I've been pondering the posts by @kissane and @siderea about 'not finding your people' #OnHere and am wondering if sentiments toward fediverse-wide #FullTextSearch have shifted at all. I know this has been implemented several times, and then been graciously shut down by developers who listened to community feedback.
#Mastodon #Fulltext #Search
From US - want opt-out fulltext search
37.3%
From US - DO NOT want opt-out fulltext search
13.6%
From Europe - want opt-out fulltext search
33.1%
From Europe - DO NOT want opt-out fulltext search
16.1%
Poll ended at .
@siderea @kissane @krohne what the hell's wrong with opt-*in* full-text search
@vyr @krohne The thing is, I'd gather that most people that the "full text search" arguments are trying to attract are the type of people who will never configure an option, so opt-out makes a lot more sense for the usability of the feature.

Opt-in and opt-out are very, very different kettles of fish, and opt-out is always more effective for the usability of a feature that relies on other people having it activated.

Another approach would be asking people during onboarding if they want their posts indexed (or removed from the index), but even then the default is going to matter as many people skip this sort of stuff as they just want to post.

Defaults will always be what is used by 90%+ of people - which is why there's always so much pressure on Mastodon and not other platforms to implement features.
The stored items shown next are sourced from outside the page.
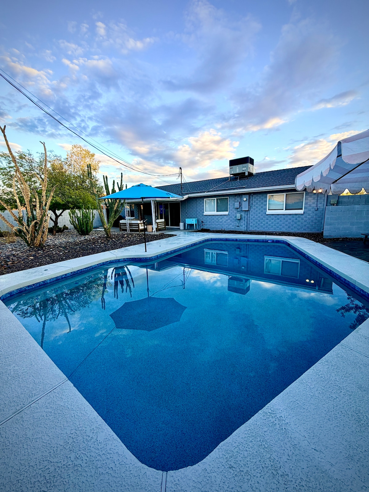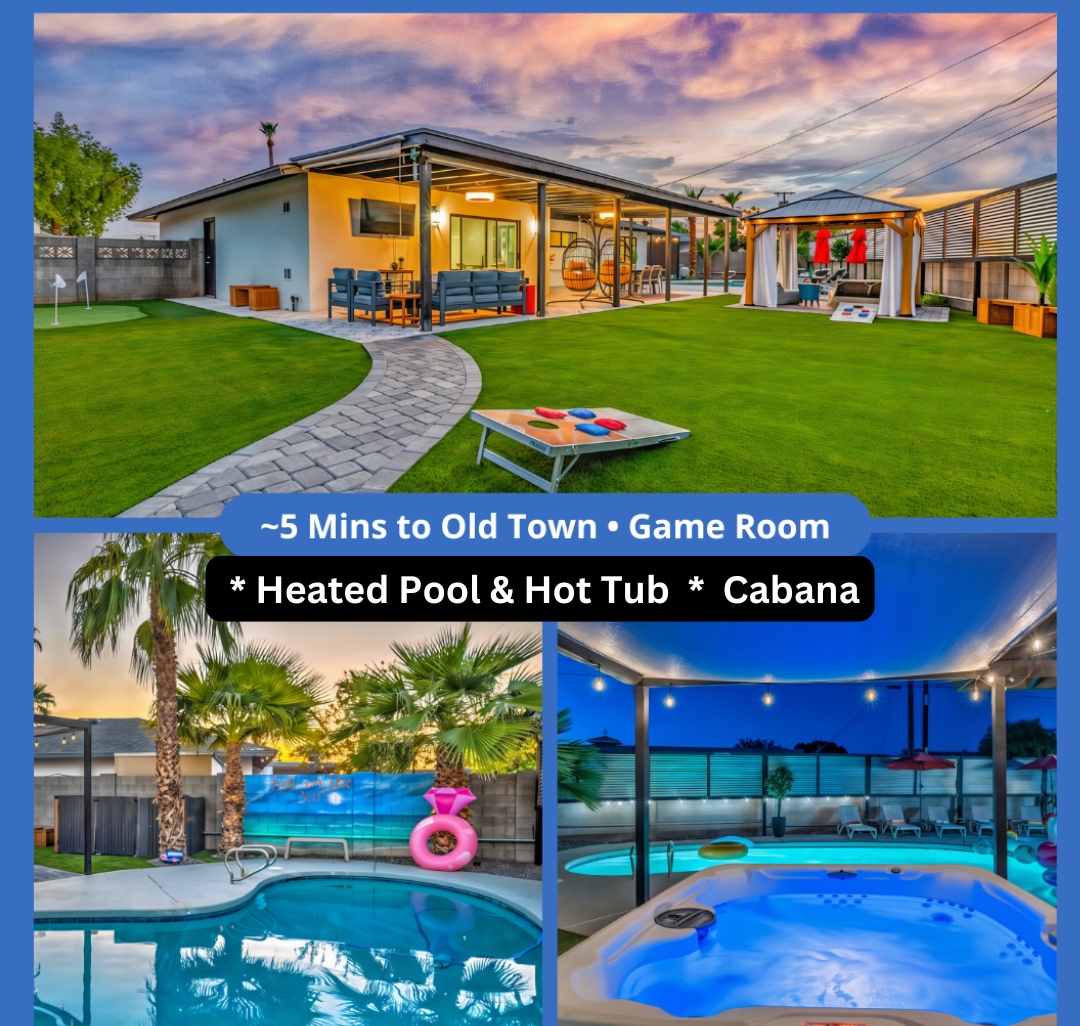 A Revolution Retreat vadonatúj, fűtött medencével, travertin csempével és gyep hátsó udvarral rendelkezik. Az otthont nyitott alaprajzzal és egyedi stílussal tervezték, tökéletes helyet teremtve a nyaralásodhoz. Scottsdale óvárosától 3 mérföldre, a repülőtértől pedig 15 percre található, így a völgyek főbb látnivalói kellős közepén találod magad. Az otthonban akár 10 vendég is kényelmesen elfér. (Vedd figyelembe, hogy a medence díj ellenében fűthető, az alábbi részletekért)
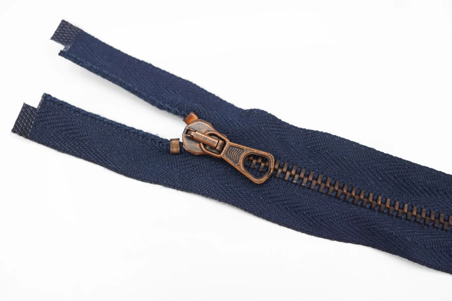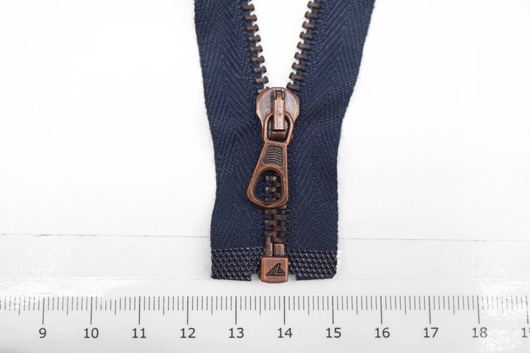 Молния металлическая от "Lampo" разъемная, тёмно-синего цвета, цвет слайдера , пуллера и цвет зубцов бронзовый. Длина 42 см. Внимание, все металлически элементы могут пачкаться.
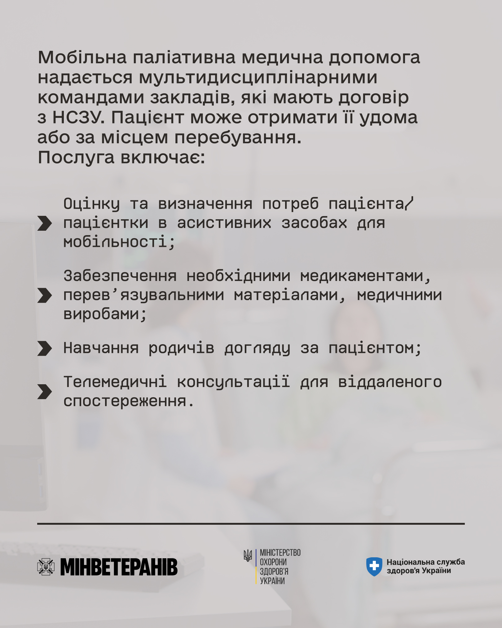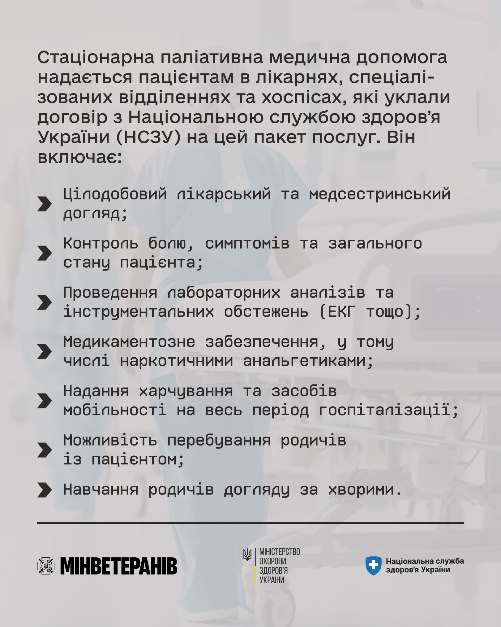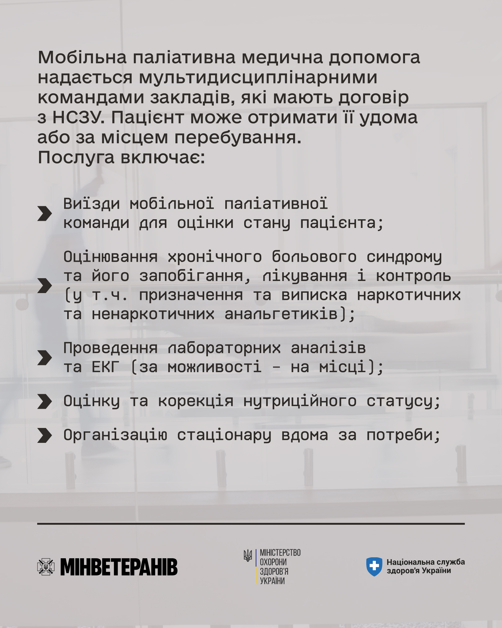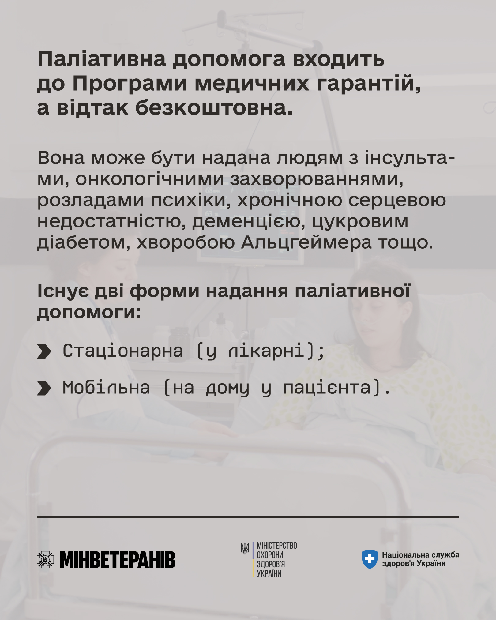 Якщо у ветерана або ветеранки діагностована важка невиліковна хвороба (стан) держава гарантує надання паліативної допомоги
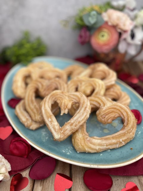 Na polevu vymícháme vaječný likér s moučkovým cukrem. Churros srdíčka namočíme do polevy a necháme je zaschnout.
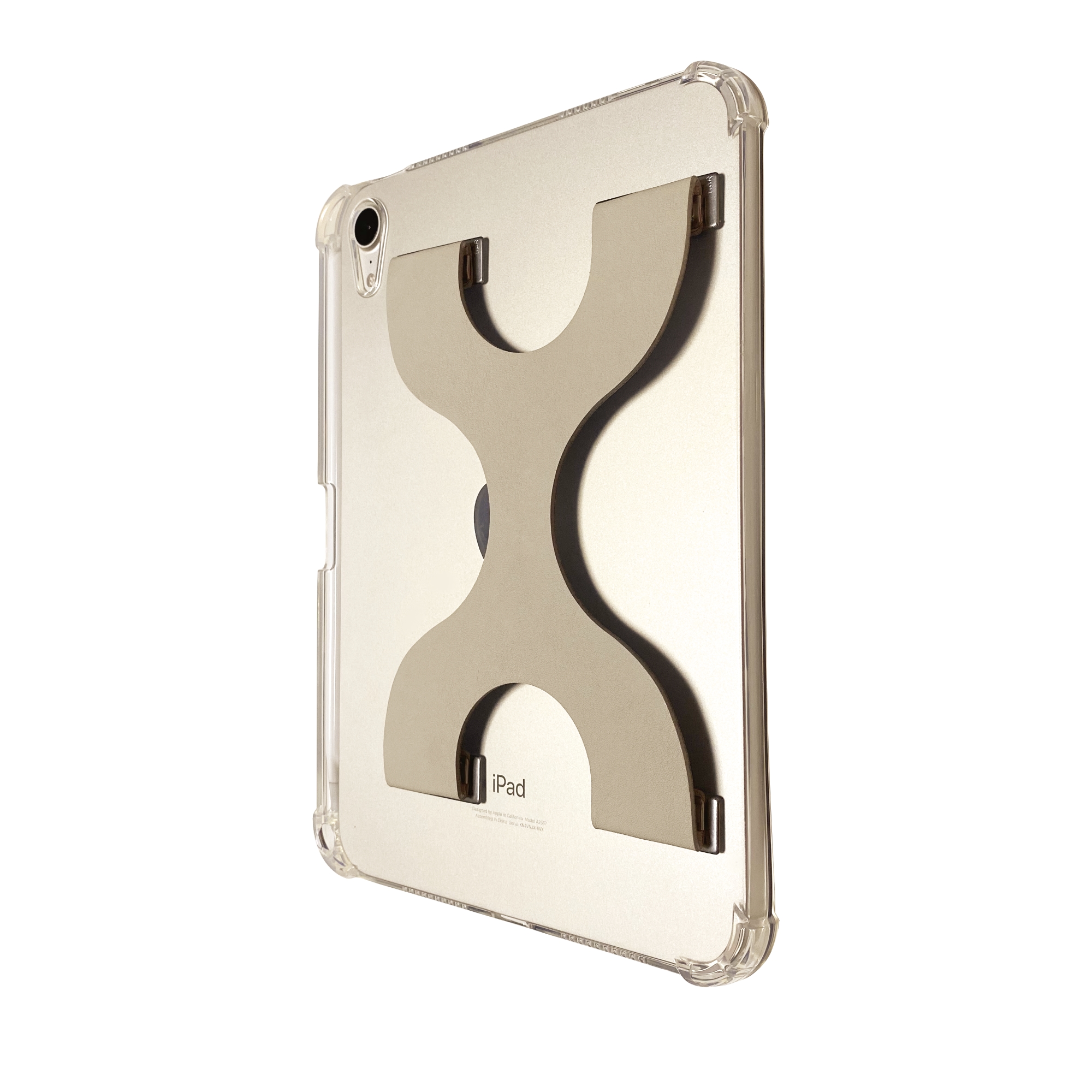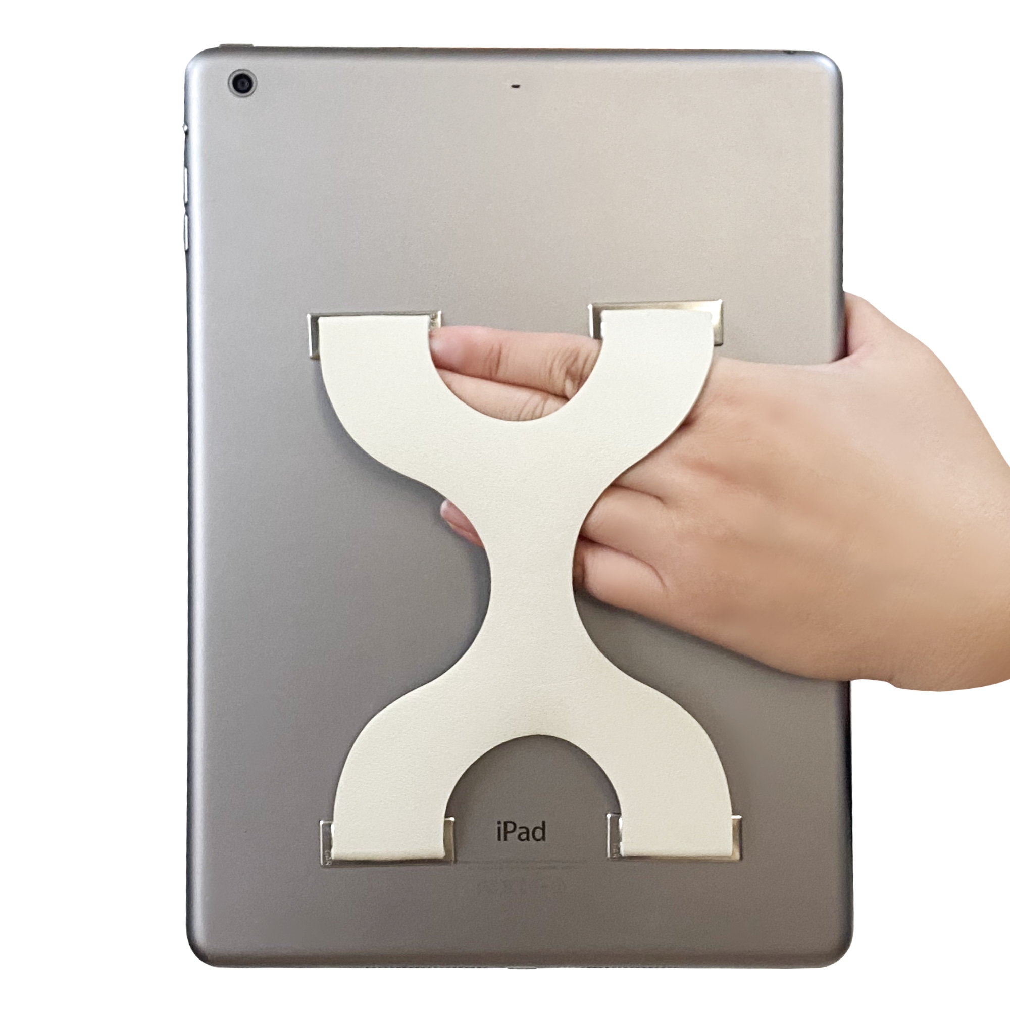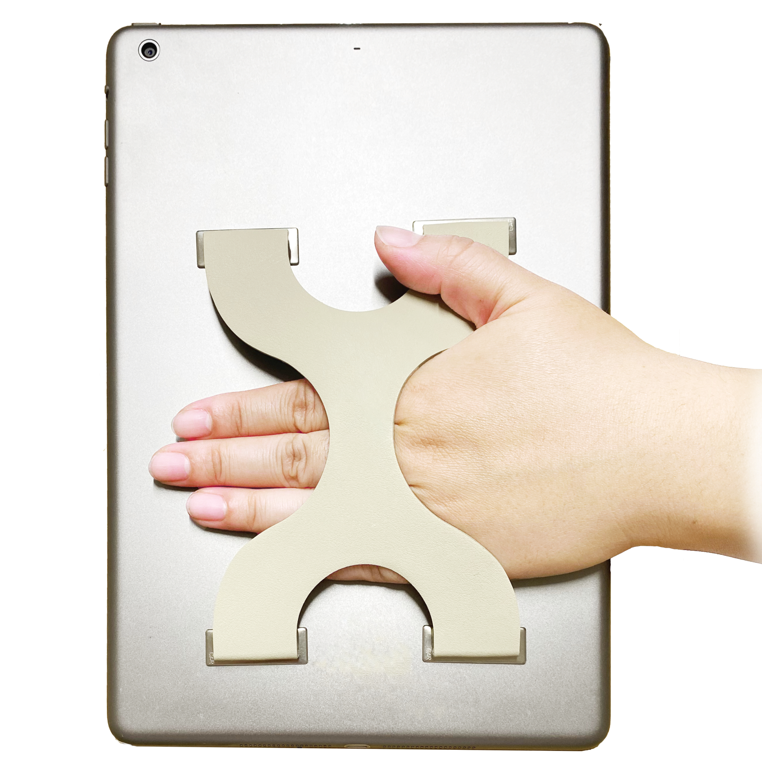 タブレット端末は背面の面積が大きく、短辺と長辺があり、縦持ち、横持ち、相手に見せるための反転など、様々な姿勢での操作を想定しなければならず、単純な形状では対応できません。「SMA-BELT TAB」は縦長に描かれたX字型の形状を取ることにより、ディスプレイサイズ11インチのデバイスを基準に、四辺のいずれ側から指を伸ばしても指を通すことができるように設計されています。
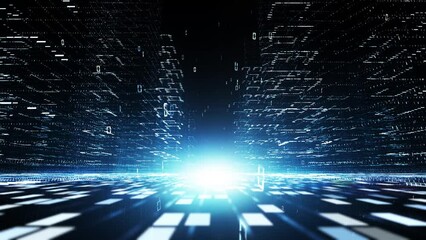 Looping Binary Codes On Blue Digital Background With Flare Effects Videos

A lot of other platforms have these features, but most people will only experience Mastodon default.

@mattswift @krohne there's always the possibility of an "opt-either" onboarding UX. consider the following:

"i want to be visible" on the left half of the screen vs. "i want to be quiet" on the right. one click defaults.

left one turns on discoverable and searchable flags, sets your default visibility to public, and disables the opt-out for web crawlers.

right one leaves the flags off, sets your default visibility to unlisted, tells web crawlers to ignore you, hides your social graph, and requires follow request approval.

anyone who wants further customization can go digging for it.

@vyr @krohne This is a pretty good idea, people are most likely going to follow patterns in all their options, so a couple set of "defaults" makes a lot of sense!